◆ **What the task requires**:
Each line of the data must be written out again verbatim; no image belongs in the copy.

◆ **Supplied data**:
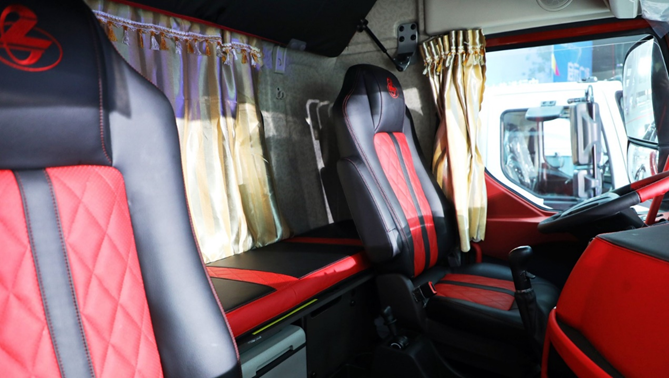 为了进一步提升卡友舒适度,在驾驶室空间上,国六版乘龙H5绿通载货车依旧采用高顶双卧设计。并配备2米3宽平地板驾驶室,内高1.92米,空间大,开车不压抑,副驾座椅可转动,下卧铺可变1米宽。且上下卧铺均采用个性包覆处理,用料细腻,品质可靠,在手感以及实际坐卧的感受上都有明显的提升;车辆还标配了窗帘,进一步提升了车辆的私密性和遮光效果,让卡友休息更舒适。
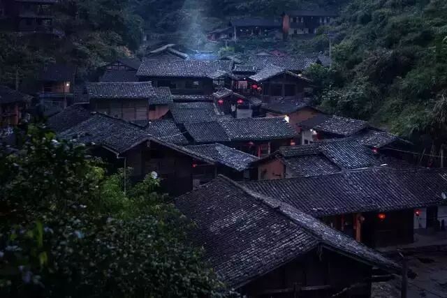 这里更多的是留守老人和儿童,夜晚,老人们在煮饭,黄昏下,这座小村显得更迷人。
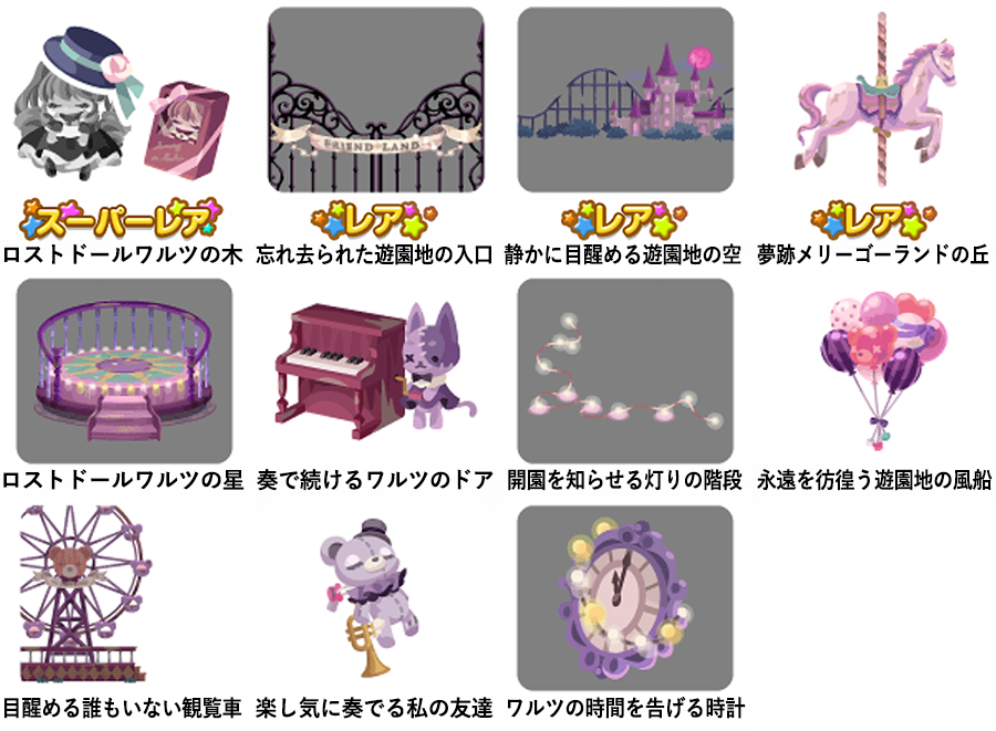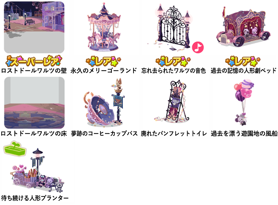 ★ロストドールワルツの壁 ☆永久のメリーゴーランド ☆忘れ去られたワルツの音色(ネイロアイテム) ☆過去の記憶の人形劇ベッド ロストドールワルツの床 夢跡のコーヒーカップバス 廃れたパンフレットトイレ 過去を漂う遊園地の風船 待ち続ける人形プランター

◆ **Response to this task**:
 为了进一步提升卡友舒适度,在驾驶室空间上,国六版乘龙H5绿通载货车依旧采用高顶双卧设计。并配备2米3宽平地板驾驶室,内高1.92米,空间大,开车不压抑,副驾座椅可转动,下卧铺可变1米宽。且上下卧铺均采用个性包覆处理,用料细腻,品质可靠,在手感以及实际坐卧的感受上都有明显的提升;车辆还标配了窗帘,进一步提升了车辆的私密性和遮光效果,让卡友休息更舒适。
 这里更多的是留守老人和儿童,夜晚,老人们在煮饭,黄昏下,这座小村显得更迷人。
 ★ロストドールワルツの壁 ☆永久のメリーゴーランド ☆忘れ去られたワルツの音色(ネイロアイテム) ☆過去の記憶の人形劇ベッド ロストドールワルツの床 夢跡のコーヒーカップバス 廃れたパンフレットトイレ 過去を漂う遊園地の風船 待ち続ける人形プランター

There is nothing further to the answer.